Thank you and waiting to hear from you.


----------



## Joppa (Sep 7, 2009)

gkt said:


> I and my Zambian girlfriend started chatting online last year (2009) , after a month I decided to visit her in Zambia for 9 days, I came back to England and I laer Invited her to England and she was here for a month, when she left again I decided to visit her for 21 days in Zambia and am going again soon, now we are planning that she comes to join me here in England permanently, we have been looking at best ways on how we can make this possible and easy to get the visa for her, we have 2 options, the first one is the Fiance Visa and the 2nd is the Spousal visa, on the fiance visa it would mean that she came here and we marry from here in England, on the Spousal visa it would mean I go to Zambia an marry her from there....now what do we need to do, what is the best way to go? By the way my girlfriend has a daughter who is 8 years old, how does she apply for her daughters visa at the same time as she will be doing hers? What is the best way of her getting her daughter with her to England? Any information, those who have passed through it or just some advice here will be greatly appreciated.


Basically, with a fiancée visa, she will have to apply for settlement visa (£644 plus the same again for her child) in Zambia, and after her marriage in UK, will have to apply for further leave to remain (FLR: £475 or £730 same-day premium service, plus £92 or £118 for her child), so two lots of applications to make. With a spouse visa, she applies for it following her marriage in Zambia (£644 x 2), which will be valid for up to 27 months. In either case, after 2 years she can apply for indefinite leave to remain (ILR). There is of course an additional cost of your travel to and from Zambia.
She applies for visa for her child at the same time, and for settlement visa (either fiancée or marriage) she has to make two concurrent applications. For her FLR in UK, the child can be included as part of her application on the same form. To take her child to UK permanently, she may need written permission of the child's father.

To apply successfully for a settlement visa is a major undertaking, requiring careful considerations and collecting a number of documentary evidence in support, including funds and suitable accommodation in UK. You as her sponsor also have to supply a number of documents.

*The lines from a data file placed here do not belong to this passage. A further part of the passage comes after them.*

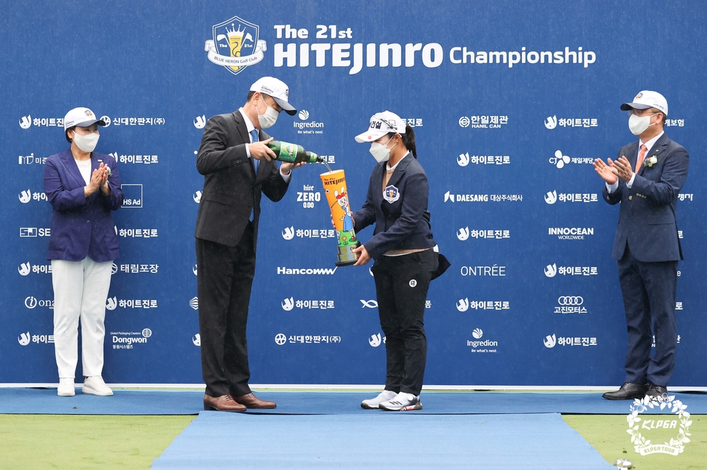 | ▲ 우승 트로피에 맥주를 따르는 세리머니. [KLPGA 제공. 재판매 및 DB 금지] |
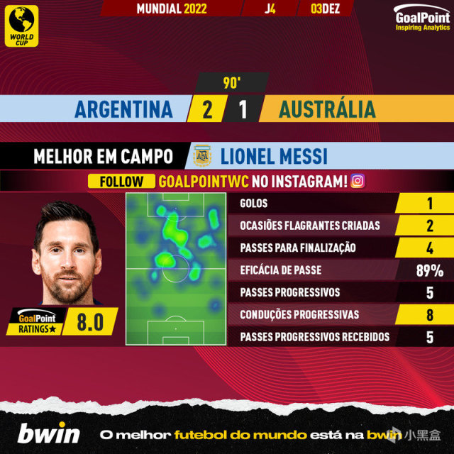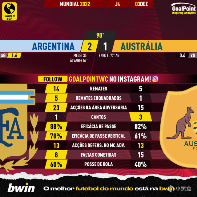 世界杯淘汰赛,阿根廷大战澳大利亚!上半场第34分钟,麦卡利斯特禁区外的直塞,奥塔门迪禁区内做墙,梅西在禁区内推射远角得手,阿根廷 1-0 澳大利亚!第57分钟,德保罗前场压迫下,澳大利亚队门将接回传球时出现超级超级巨大的失误,阿尔瓦雷斯禁区一脚巧射,阿根廷队 2-0 澳大利亚!第76分钟,古德温远射,经过恩佐折射打入一粒乌龙球!最终阿根廷 2-1 成功晋级八强,下一场将面对荷兰!
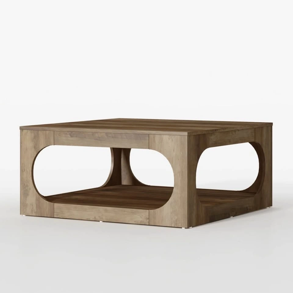 The table has a unique modern design with oval cutouts on the sides and a lower storage shelf, making it both stylish and functional for a living room.
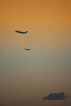Silhouette of the Airplane over Beautiful Orange Sky. Sunset Background. Travel and Vacation Concept.
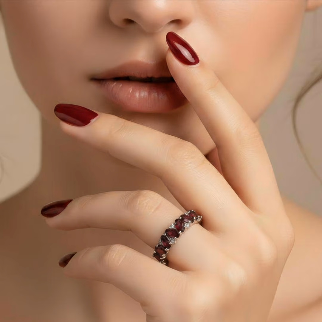 الوصف: خاتم فاخر وراقي للمناسبات من حجر العقيق الطبيعي الأحمر، فضة إسترليني
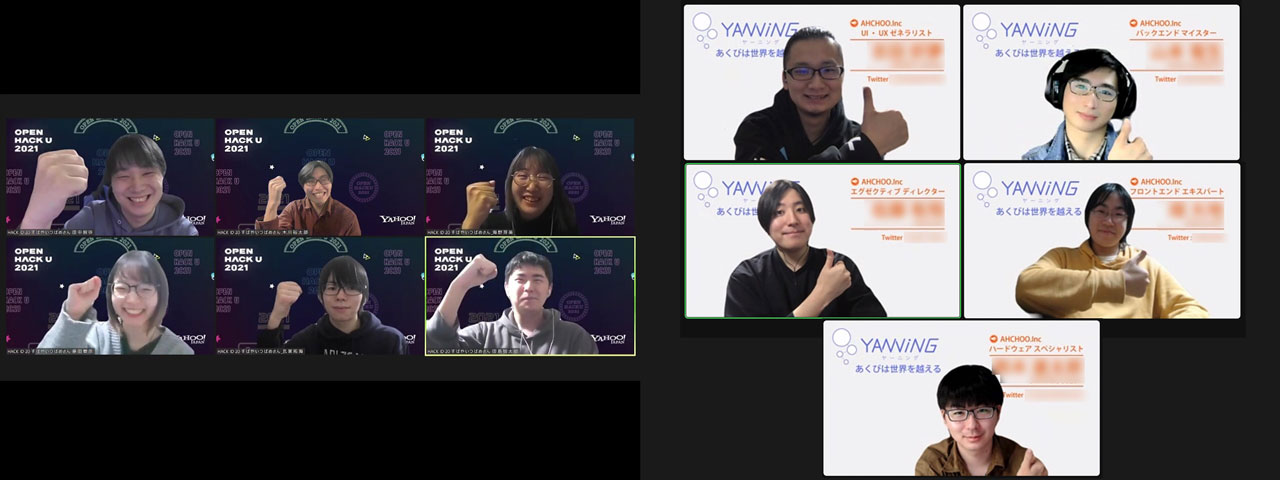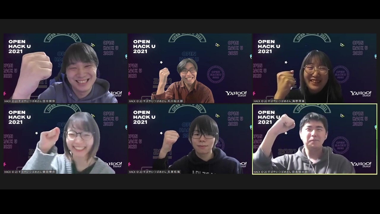 2022年2月28日(月)から3月11日(土)にかけて、Open Hack U 2021がオンライン開催され、公立はこだて未来大学の学生チーム「すばやいつばめさん」が開発した「笑撃」、同じく公立はこだて未来大学の学生チームである「よわよわ」が開発した「Yawning」がHappy Hacking賞を同時受賞しました。
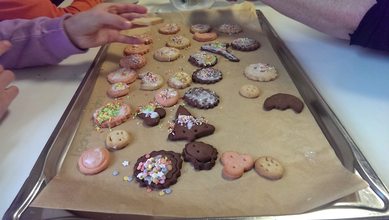 Na, da war doch gerade ein kleines Fingerchen in der Rührschüssel, oder? Wer das kleine Schleckermäulchen war, das ein bisschen Teig stibitzt hat, wissen wir nicht – alle Kinder schauen ganz unschuldig, während sie mit Eifer aus dem Teig vor ihnen auf dem Tisch runde Formen ausstechen.
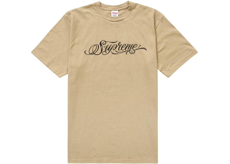The Supreme Script Tee Khaki is now available at Side Kicks!
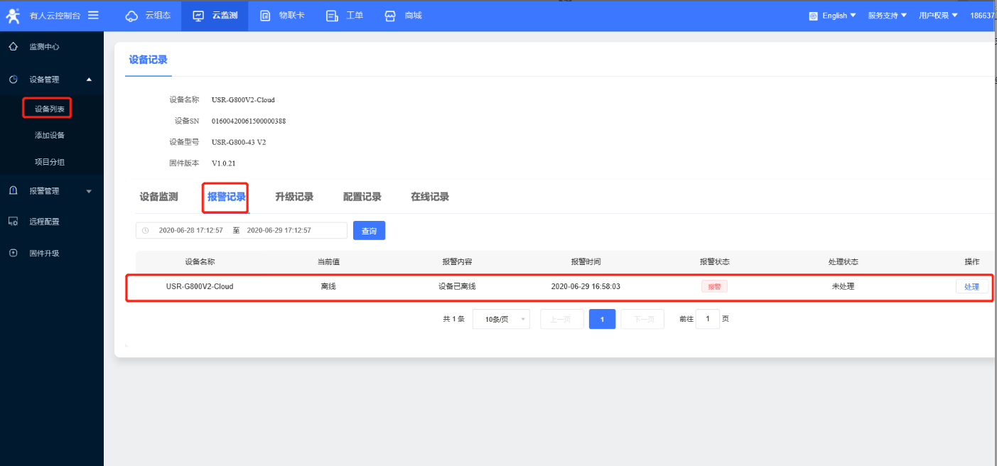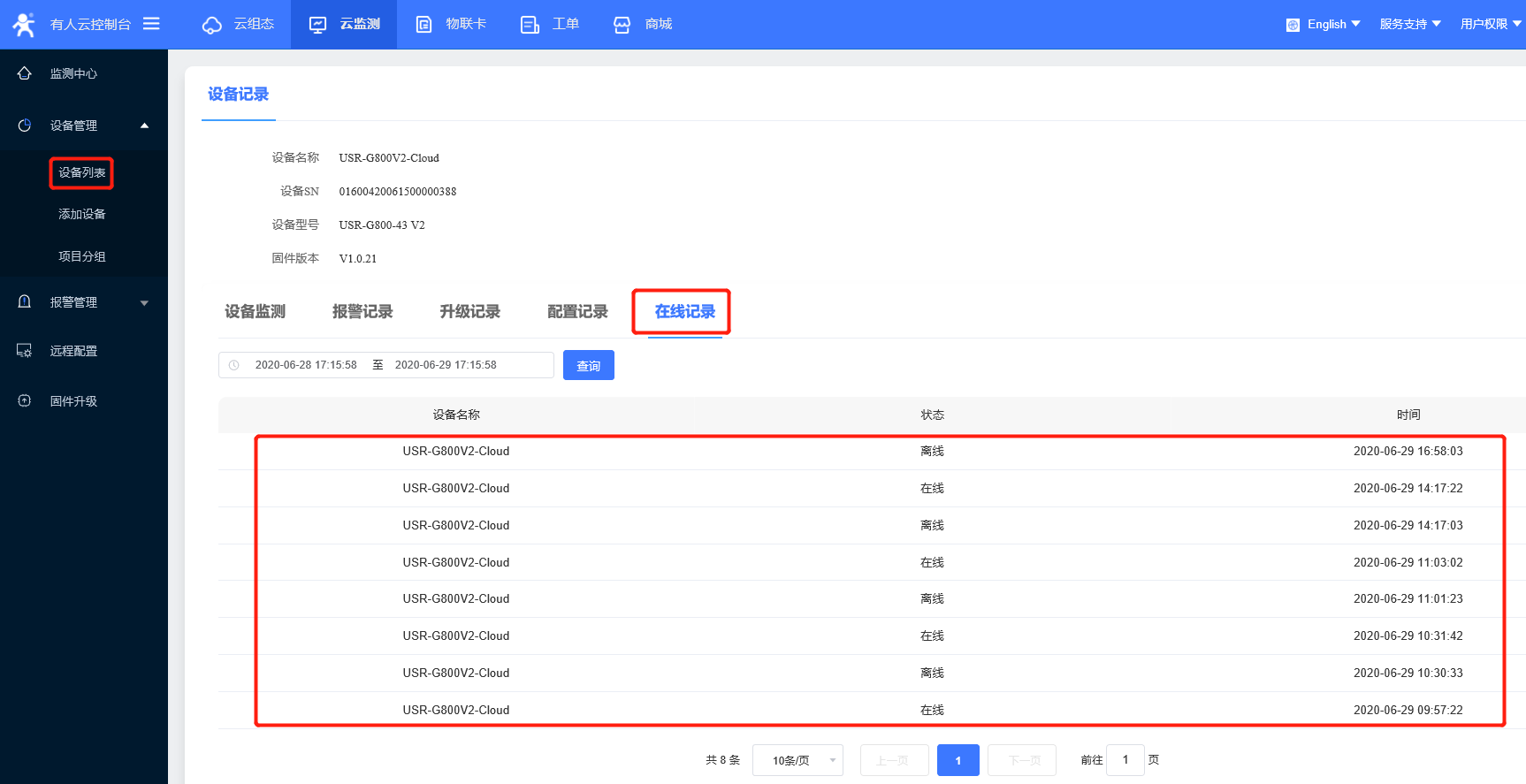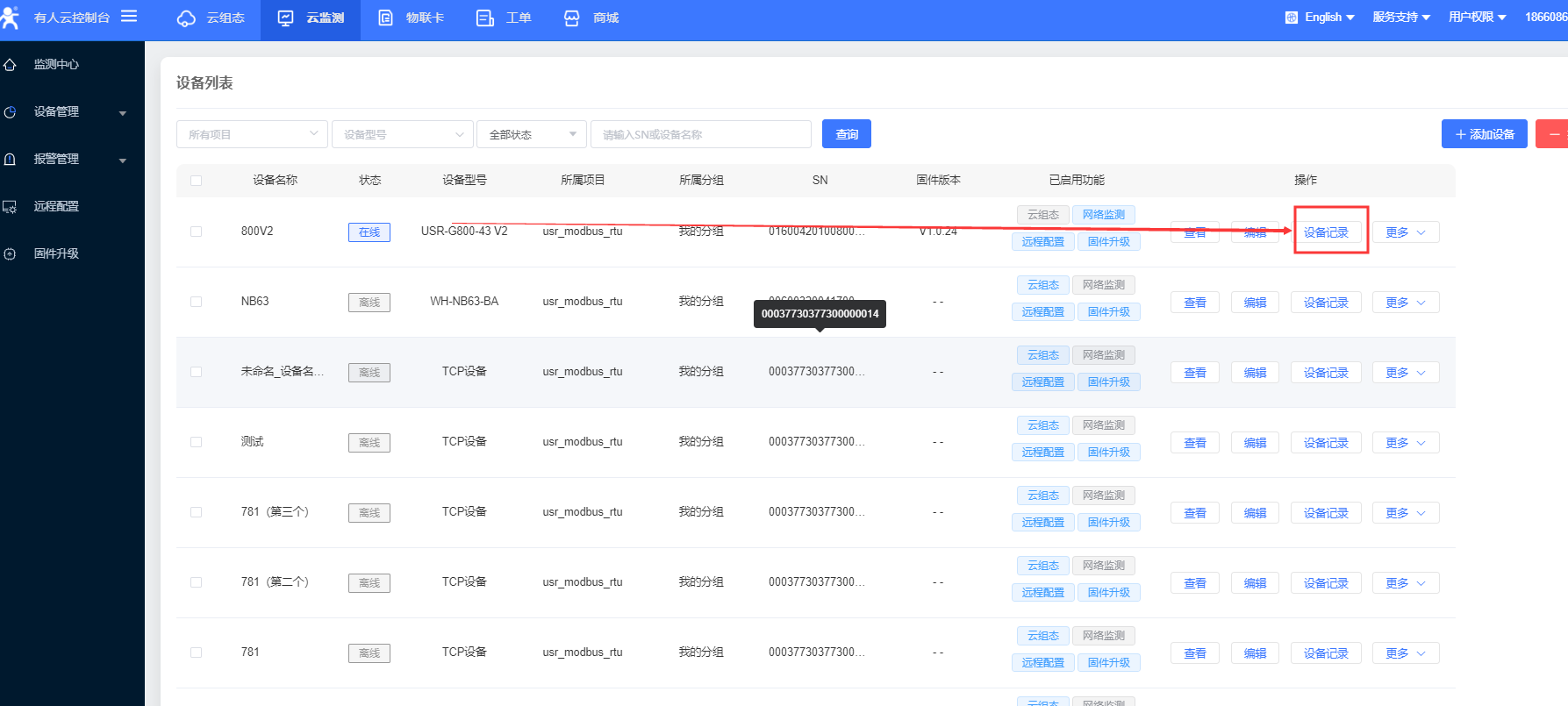 在“云監(jiān)測”的“設備列表”下,找到相應設備,點擊“設備記錄”,頁面會顯示當前設備歷史信息
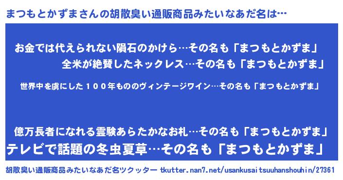 | 意味不明あだ名 | 『住所不定無職まつもとかずま(6歳)』 |
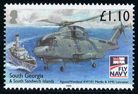 The stamp depicts a Westland Merlin helicopter and HMS LANCASTER.

Go to the UK in Zambia site (British High Commission in Lusaka) under Visas for what is required, with links to relevant Home Office Border Agency site. All visa applications submitted in Zambia (must be made in person together with her daughter) are sent on to Pretoria for processing. There may be an interview by the consular staff (in Lusaka). Also medical screening is required. It can take up to 12 weeks.


----------



## gkt (May 10, 2010)

Thank you Joppa, so spousal visa looks like way to go?


----------



## Joppa (Sep 7, 2009)

gkt said:


> Thank you Joppa, so spousal visa looks like way to go?


Maybe, but depends on personal circumstances. Certainly not having to make two applications within months of each other (a lot of the documentation is common to both) is a relief, but there are other considerations, such as the wishes of both families, cultural factors (family tie is extremely strong in Zambia?) and relative costing (travel, weddings etc). Zambian marriage will be fully accepted in UK, though you should inform of your marriage at the British High Commission so that the record will be sent to UK via the Foreign Office and deposited with the General Register Office, which makes getting further certificates easier, and a British certificate is more acceptable than a Zambian one. You can if you like do the same in London after your wedding, but this usually costs more. 
Marriage and birth in Zambia
Marriage and civil partnerships


----------



## gkt (May 10, 2010)

Joppa, am really appreciating your information. We checked and it says you can not deposit a marriage certicate from a common wealth country, and Zambia is a common wealth country. That is the only part we been doubting on, can the Zambia marriage certificate be recognised in the UK? And also after the marriage how long should we wait before we apply for the spousal visa? Because we were thinking if we married and after the marriage we apply for the visa right away, then maybe the ECO might think that it is a sham marriage?


----------



## Joppa (Sep 7, 2009)

gkt said:


> Joppa, am really appreciating your information. We checked and it says you can not deposit a marriage certicate from a common wealth country, and Zambia is a common wealth country. That is the only part we been doubting on, can the Zambia marriage certificate be recognised in the UK? And also after the marriage how long should we wait before we apply for the spousal visa? Because we were thinking if we married and after the marriage we apply for the visa right away, then maybe the ECO might think that it is a sham marriage?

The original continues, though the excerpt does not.